Approximately six seconds after Angora's scream had been unleashed into the stillness of night, just about long enough for her to scramble for and get most of the way to the tub she had picked as the receptacle of her distress, a door was slammed open forcefully to one of the nearby rooms. It was opened hard and fast enough that the sound traveled well even through the dense construction of the Remdal estate and a slight tremor could be felt even in Angora's room. Just several seconds after that – long enough for Angora to be preoccupied by her own business – rapid, naked footfalls could be faintly heard just outside her door.

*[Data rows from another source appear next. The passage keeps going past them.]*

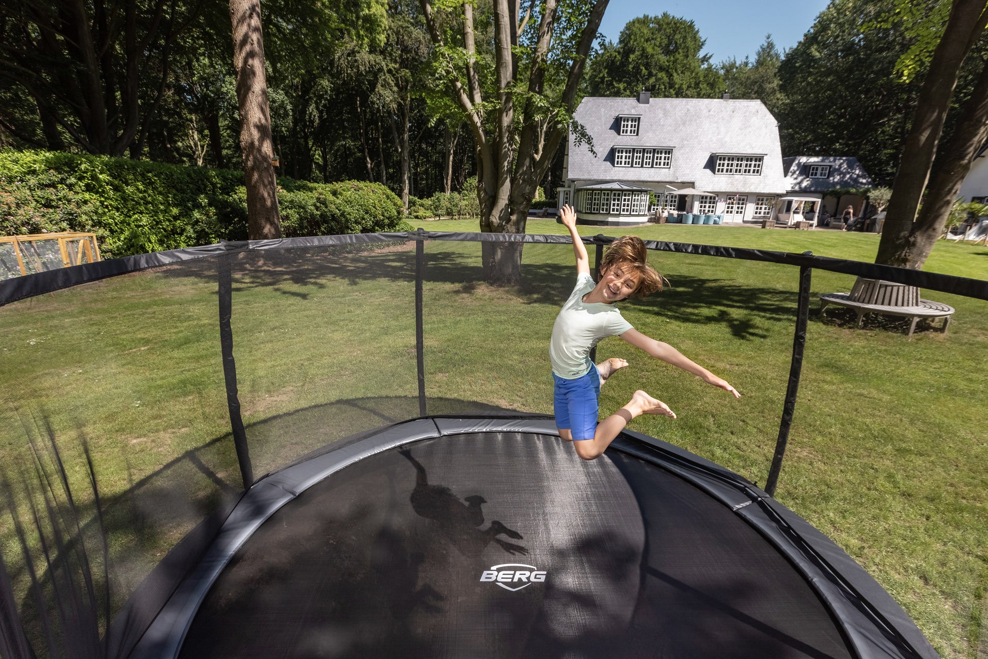 Die BERG Champion Trampoline zeichnen sich durch ihre besonderen Sprungtücher aus. Mit dem AirFlow und AirFlow Pro System erlauben sie einen erhöhten Luftdurchzug. Durch den niedrigeren Widerstand kannst du auf den Champion Trampolinen noch höher springen! Das Sicherheitsnetz Deluxe bietet dir beim Springen vollumfänglichen Schutz. Die Grand Champion Version bietet dir noch mehr Spaß beim Springen! Die ovalen Trampoline mit extra großem Durchmesser ermöglichen dir, Kunststücke aller Art zu lernen und akrobatische Sprünge zu absolvieren. Dabei schützt dich das Deluxe Sicherheitsnetz rundum. Auch für Trampolin Anfänger ist das Grand Champion Trampolin ideal geeignet, da es viel Platz zum Ausprobieren bietet. Eltern können ebenfalls zusammen mit ihren Kleinkindern das Springen lernen.Champion InGround 350 – Das extra große Bodentrampolin
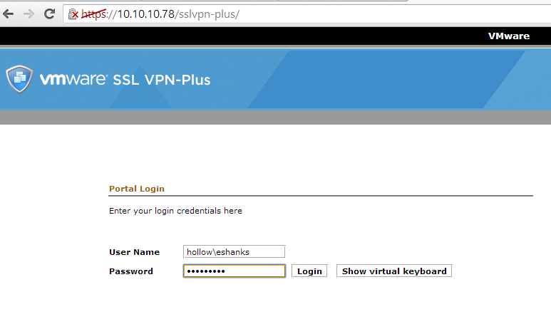 Open a web browser and go to the outside IP address of the vCNS edge appliance that you configured. You should be presented with a logon screen.
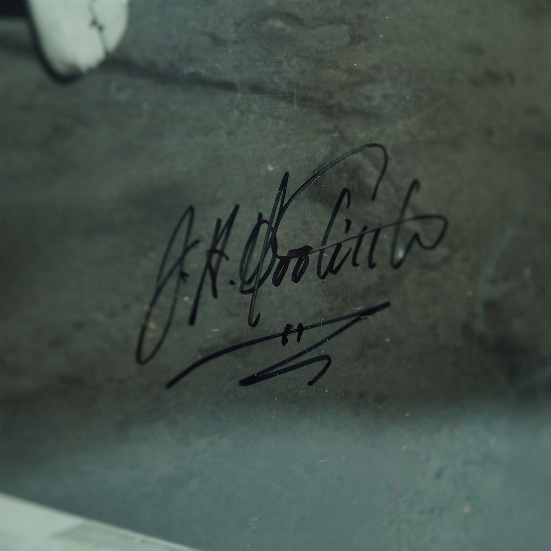 Striking black-and-white photograph depicting a squadron of Martin PBM Mariner patrol bombers in flight, signed by General J.H. Doolittle—renowned commander of the Doolittle Raid and Medal of Honor recipient. A pivotal figure in U.S. Air Force history, Doolittle led one of the most daring bombing missions of World War II. This framed photo is a remarkable piece of military and aviation history. Frame measures 8.5"L x 10.5"H.
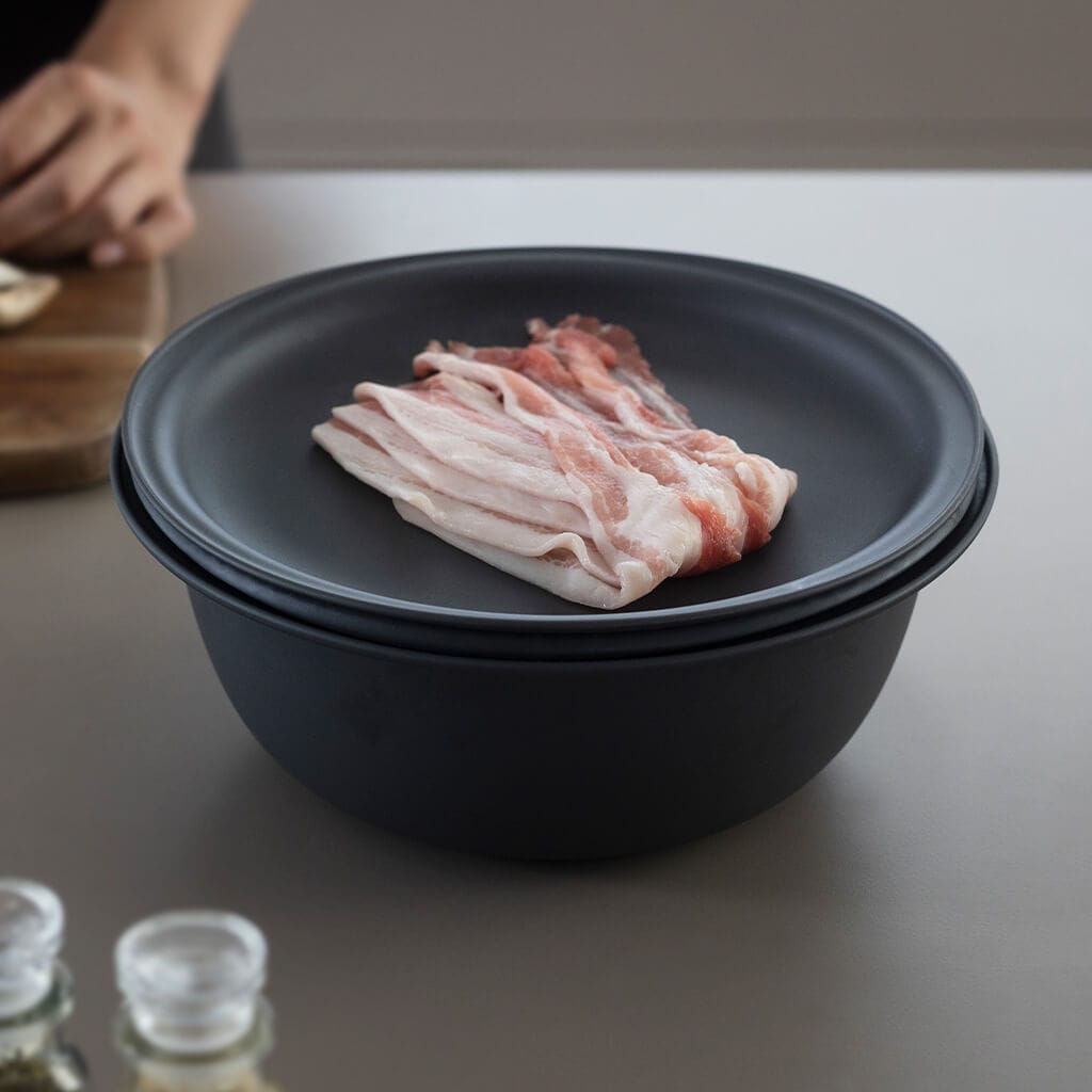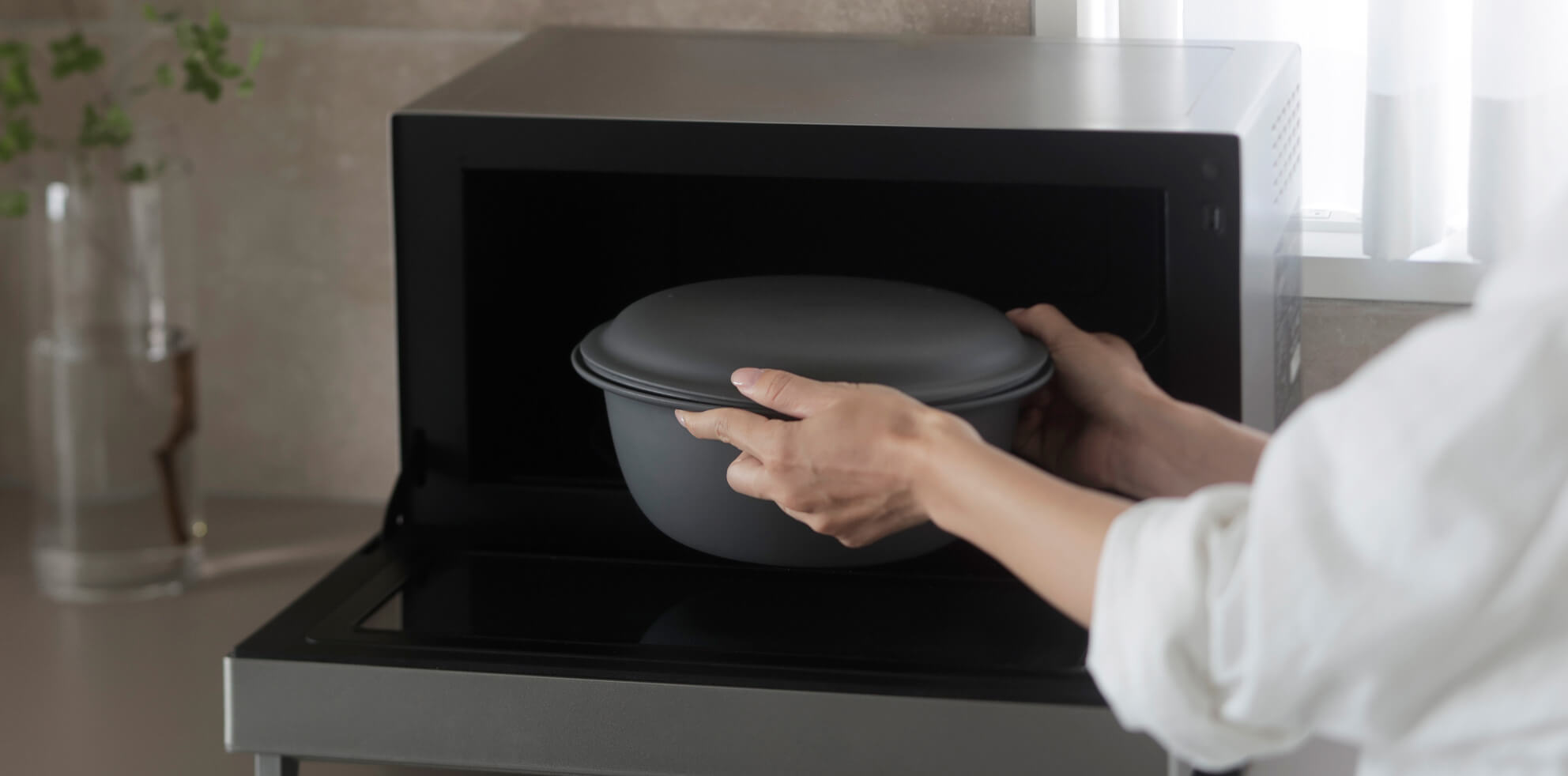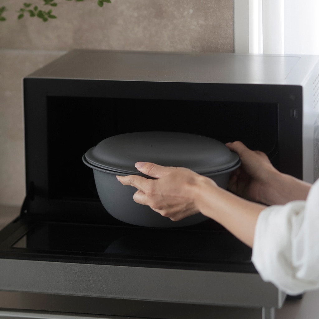 電子レンジで加熱するとボウルの中で蒸気が循環して、食材の水分を飛ばし過ぎずに調理できます。
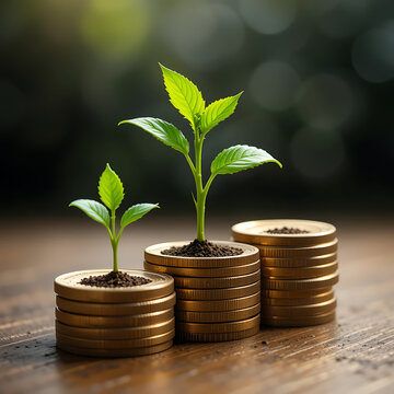 Premium Photo Financial Growth Blooms Seedlings on Stacked Coins a

The door handle was swiftly, almost violently yanked downward, and the door was immediately swung inward with great urgency... only to stop in place when it was about halfway open, held in place, allowing the sound of Angora's ails to fill the air. If she were to look over, all she would be able to see through the halfway open door was half a pale hand, the tip of a silver-colored sword and maybe the edge of a very pale, fairly muscular shoulder. Then the door slowly and, if it was even possible for a door to express such a thing, awkwardly closed most of the way again, until only a crack about an inch wide remained.

“Angora?” Jaelnec's voice called out from the other side of the door, a hint of panicked uncertainty and urgency in his voice. The door trembled slightly, betraying that he was still holding its handle, ready to throw it open if he detected the need to do so.
More footfalls approached outside, more audible now that the door was partway open, though Angora was still mid-vomiting. These feet also sounded naked.
“You!” the voice of another young male exclaimed, which Angora might or might not, given their relatively brief acquaintance with one another, recognize as the voice of Thomas Remdal. “What in the planes did you do?”
“Me? I heard the scream and came running! I'm not –”
“You're naked and armed outside a girl's bedroom!”
“I thought she was in danger! I wasn't going to... wait, what in Stupor are you wearing?”
“Never mind that! The girl...”
“Yes!” The door opened another half an inch as Jaelnec seemingly refocused his attention on what he had been doing. “Angora? What happened?”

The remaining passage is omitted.